Question

For any positive integer n, define ${{f}_{n}}:\left( 0,\infty \right)\to \mathbb{R}$ as
\[{{f}_{n}}\left( x \right)=\sum\limits_{j=1}^{n}{{{\tan }^{-1}}}\left( \dfrac{1}{1+\left( x+j \right)\left( x+j-1 \right)} \right)\] for all $x\in \left( 0,\infty \right)$ .
(Here, the inverse trigonometric function $ta{{n}^{-1}}x$ assume values in $\left( -\dfrac{\pi }{2},\dfrac{\pi }{2} \right)$ )
Then, which of the following statement(s) is (are) TRUE?
This question has multiple correct options
A)$\sum\limits_{j=1}^{5}{{{\tan }^{2}}}\left( {{f}_{j}}\left( 0 \right) \right)=55$
B)$\sum\limits_{j=1}^{10}{\left( 1+{{f}_{j}}\left( 0 \right) \right){{\sec }^{2}}\left( {{f}_{j}}\left( 0 \right) \right)}=10$
C)For any fixed positive integer n, $\underset{x\to \infty }{\mathop{\lim }}\,\tan \left( {{f}_{n}}\left( x \right) \right)=\dfrac{1}{n}$
D)For any fixed positive integer n, $\underset{x\to \infty }{\mathop{\lim }}\,{{\sec }^{2}}\left( {{f}_{n}}\left( x \right) \right)=1$

Answer 1

Hint: Replace ‘1’ in numerator by difference of $x+j$ and $x+j-1$ . And now observe the trigonometric identity \[{{\tan }^{-1}}A-{{\tan }^{-1}}B={{\tan }^{-1}}\left( \dfrac{A-B}{1+AB} \right)\] to write the given series in difference form. Verify all the options for getting answers.

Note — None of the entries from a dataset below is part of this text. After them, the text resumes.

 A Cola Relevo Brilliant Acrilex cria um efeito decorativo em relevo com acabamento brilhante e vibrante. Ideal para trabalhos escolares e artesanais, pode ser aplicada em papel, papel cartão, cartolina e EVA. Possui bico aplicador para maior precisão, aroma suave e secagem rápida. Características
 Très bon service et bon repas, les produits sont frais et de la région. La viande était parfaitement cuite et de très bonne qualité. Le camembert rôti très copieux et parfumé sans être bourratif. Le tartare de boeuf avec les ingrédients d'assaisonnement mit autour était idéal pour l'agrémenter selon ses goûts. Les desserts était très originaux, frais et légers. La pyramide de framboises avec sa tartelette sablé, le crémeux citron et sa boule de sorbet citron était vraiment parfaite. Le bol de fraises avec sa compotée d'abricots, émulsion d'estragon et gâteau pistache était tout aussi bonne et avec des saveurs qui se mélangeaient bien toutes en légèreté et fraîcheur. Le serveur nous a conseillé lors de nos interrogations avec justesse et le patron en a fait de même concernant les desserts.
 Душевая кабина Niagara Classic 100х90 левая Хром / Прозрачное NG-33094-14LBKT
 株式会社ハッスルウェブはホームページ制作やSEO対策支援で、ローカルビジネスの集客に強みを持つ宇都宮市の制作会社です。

Complete step-by-step answer:

Here, function ${{f}_{n}}\left( x \right)$ is given as

\[{{f}_{n}}\left( x \right)=\sum\limits_{j=1}^{n}{{{\tan }^{-1}}}\left( \dfrac{1}{1+\left( x+j \right)\left( x+j-1 \right)} \right)\] for all $x\in \left( 0,\infty \right)$.

Let us replace ‘1’ in the numerator by relation \[\left( x+j \right)-\left( x+j-1 \right)\] so that we can convert the given function ${{f}_{n}}\left( x \right)$ in \[{{\tan }^{-1}}A-{{\tan }^{-1}}B\] in the following way:-

\[{{f}_{n}}\left( x \right)=\sum\limits_{j=1}^{n}{{{\tan }^{-1}}}\left( \dfrac{\left( x+j \right)-\left( x+j-1 \right)}{1+\left( x+j \right)\left( x+j-1 \right)} \right)\] (i)

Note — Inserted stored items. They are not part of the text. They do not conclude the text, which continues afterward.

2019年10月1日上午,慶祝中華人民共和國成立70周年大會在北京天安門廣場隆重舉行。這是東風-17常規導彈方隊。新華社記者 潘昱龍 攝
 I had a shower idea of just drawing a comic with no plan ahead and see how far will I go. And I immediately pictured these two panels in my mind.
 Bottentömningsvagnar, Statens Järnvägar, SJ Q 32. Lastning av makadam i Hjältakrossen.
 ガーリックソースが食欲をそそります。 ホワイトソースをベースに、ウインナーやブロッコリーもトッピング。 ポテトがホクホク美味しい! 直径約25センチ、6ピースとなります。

Now compare the above relation with the trigonometric identity of inverse trigonometry, given as

\[{{\tan }^{-1}}A-{{\tan }^{-1}}B={{\tan }^{-1}}\left( \dfrac{A-B}{1+AB} \right)\] (ii)
Hence, we can re-write the equation (i) by comparing equation (ii), hence we get \[{{f}_{n}}\left( x \right)=\sum\limits_{j=1}^{n}{\left( {{\tan }^{-1}}\left( x+j \right)-{{\tan }^{-1}}\left( x+j-1 \right) \right)}\]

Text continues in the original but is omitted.